### Records for processing:
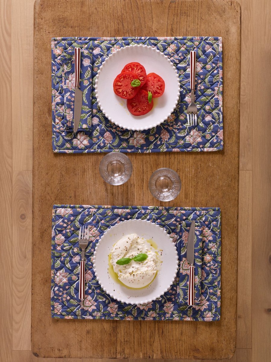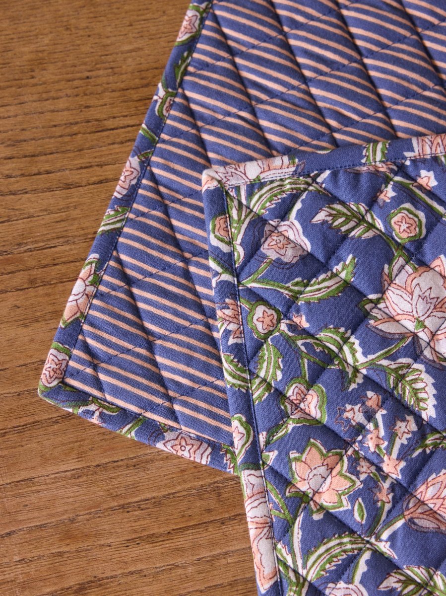 Lot de 2 sets de table en coton réversibles et matelassés : fleuri indien d’un côté et rayures de l’autre. Authentique et raffiné, l’imprimé fleuri Bella est un motif réalisé à la main en Inde.
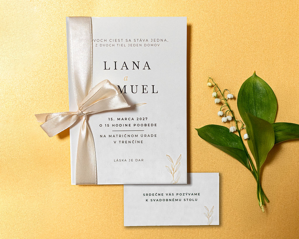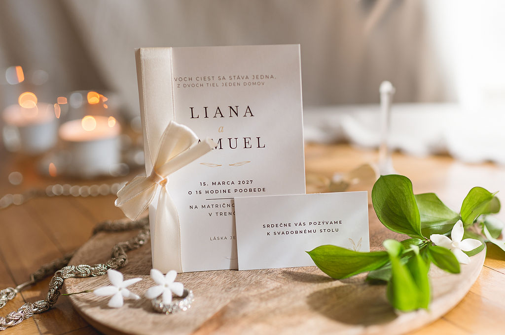Svadobné oznámenie so smotanovou saténovou mašľou je ideálnou voľbou pre páry, ktoré hľadajú jemnú eleganciu a nadčasový štýl. Saténová mašľa v smotanovom odtieni pôsobí luxusne, čisto a veľmi vkusne, pričom krásne dopĺňa svadobnú atmosféru. Kombinácia kvalitného papiera a precízne viazanej mašle vytvára elegantný detail, ktorý očarí každého hosťa už na prvý pohľad.
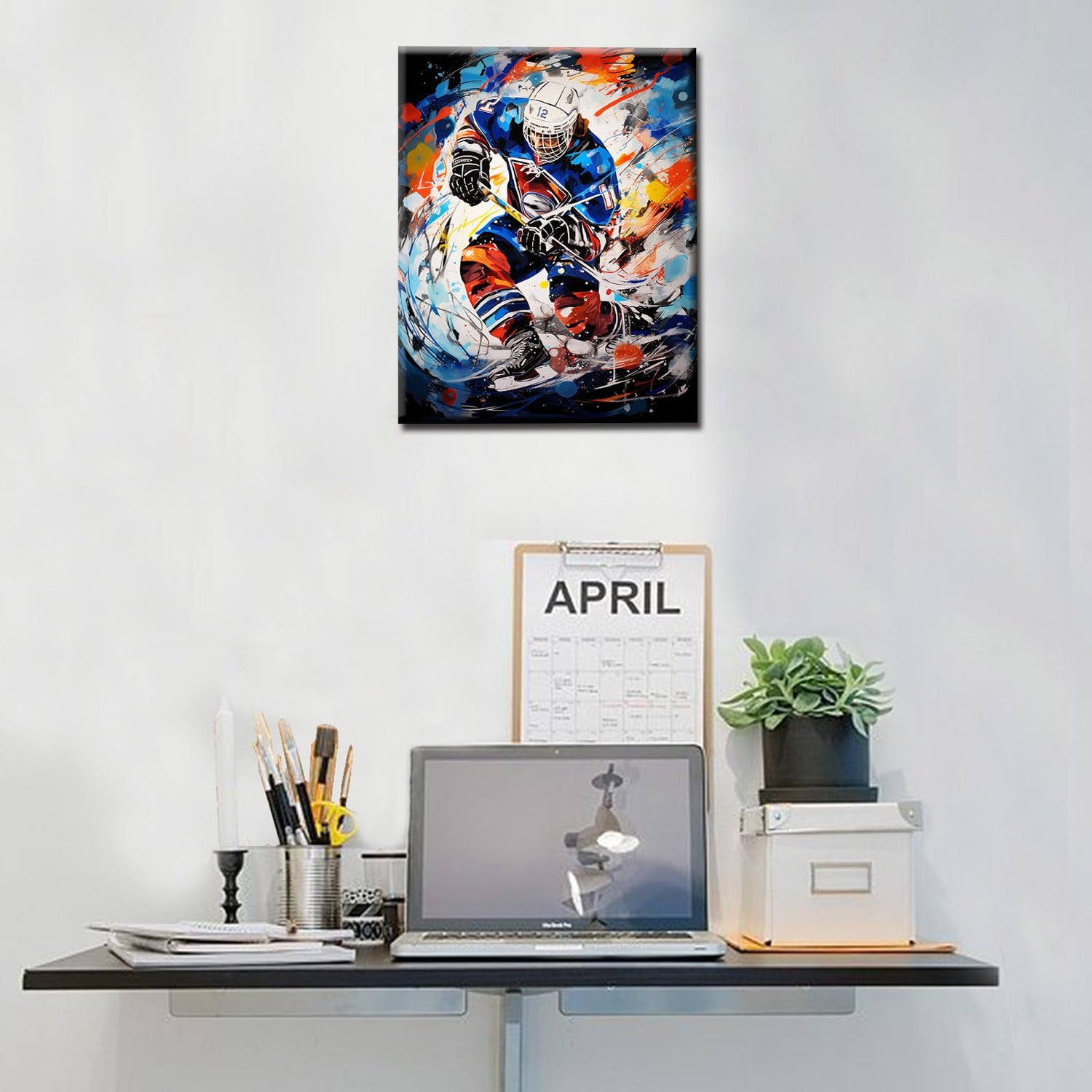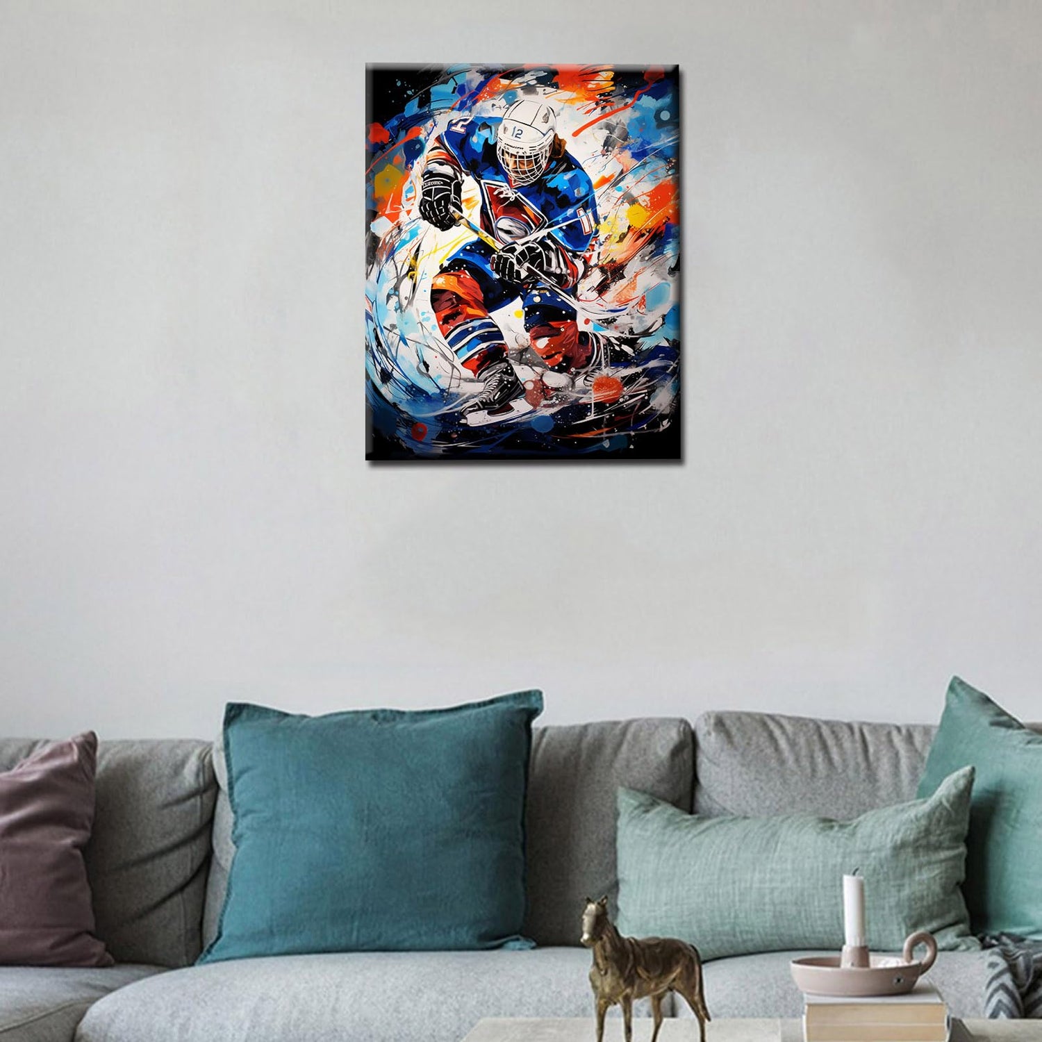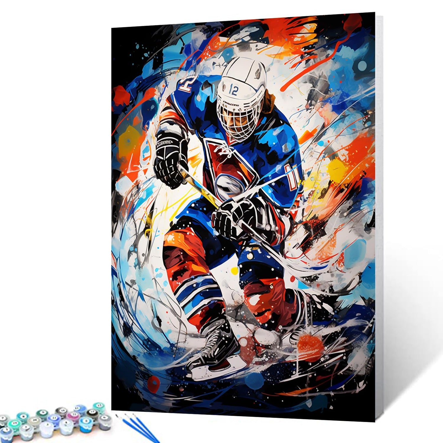 Ice Hockey Athletes Painting Graffitic Sportman Paint by Number Kits 16 x 20 inch Canvas Extreme Sports DIY Oil Painting for Kids Adults Beginner with Brushes and Acrylic Home Decor (Frameless)
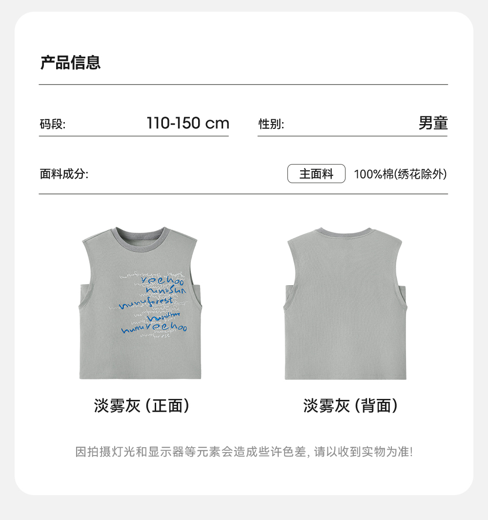【商场同款】英氏儿童背心夏季透气无袖男童T恤纯棉2025新款背心
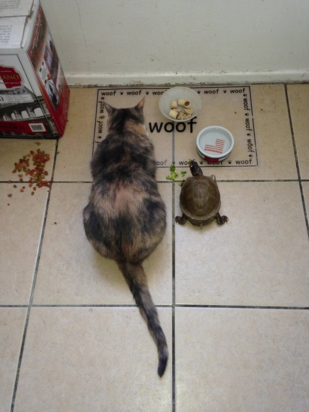 ▼烏龜想跟上貓咪的進食速度很不容易吧。
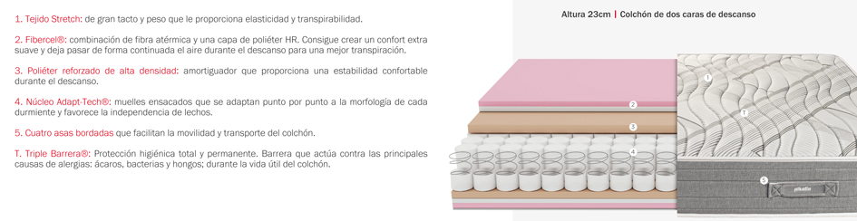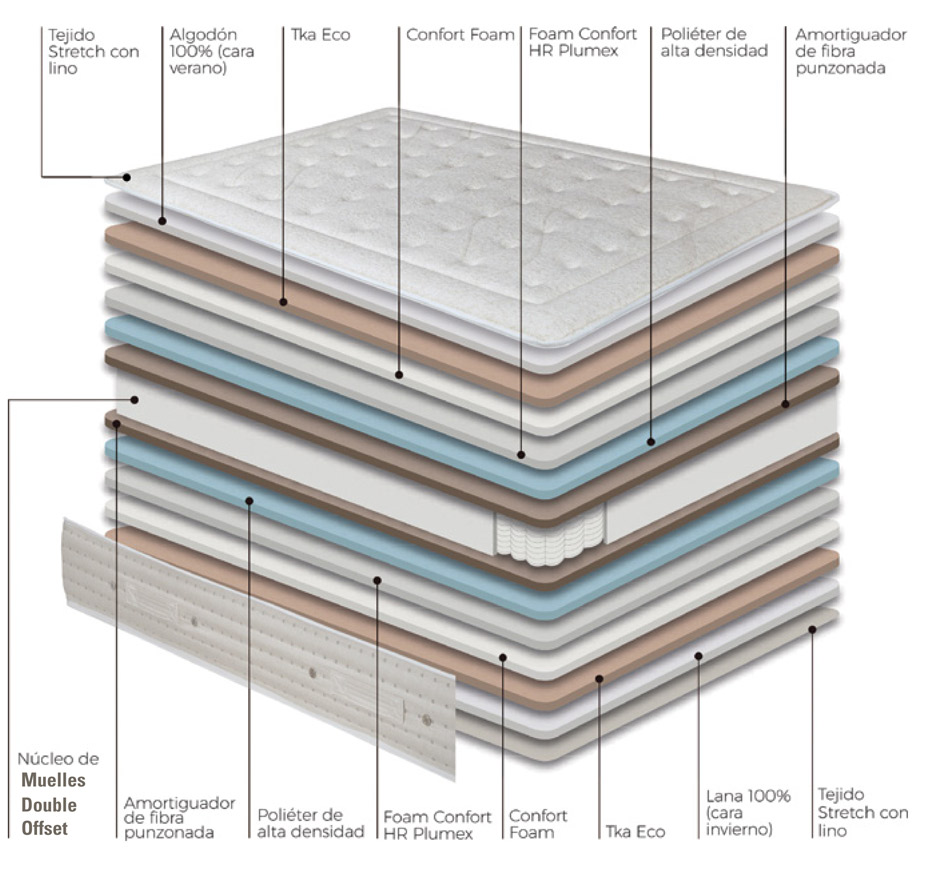 El acolchado más fresco se compone de una capa de fibras de algodón 100% natural, espumación HR Plumex Soft y espumación Confort Foam. La cara de invierno cambia el algodón por la lana de oveja 100%. El resto de capas son iguales.

### What to produce:
Would you return the material above exactly, apart from its pictures?

### The answer:
 Lot de 2 sets de table en coton réversibles et matelassés : fleuri indien d’un côté et rayures de l’autre. Authentique et raffiné, l’imprimé fleuri Bella est un motif réalisé à la main en Inde.
Svadobné oznámenie so smotanovou saténovou mašľou je ideálnou voľbou pre páry, ktoré hľadajú jemnú eleganciu a nadčasový štýl. Saténová mašľa v smotanovom odtieni pôsobí luxusne, čisto a veľmi vkusne, pričom krásne dopĺňa svadobnú atmosféru. Kombinácia kvalitného papiera a precízne viazanej mašle vytvára elegantný detail, ktorý očarí každého hosťa už na prvý pohľad.
 Ice Hockey Athletes Painting Graffitic Sportman Paint by Number Kits 16 x 20 inch Canvas Extreme Sports DIY Oil Painting for Kids Adults Beginner with Brushes and Acrylic Home Decor (Frameless)
【商场同款】英氏儿童背心夏季透气无袖男童T恤纯棉2025新款背心
 ▼烏龜想跟上貓咪的進食速度很不容易吧。
 El acolchado más fresco se compone de una capa de fibras de algodón 100% natural, espumación HR Plumex Soft y espumación Confort Foam. La cara de invierno cambia el algodón por la lana de oveja 100%. El resto de capas son iguales.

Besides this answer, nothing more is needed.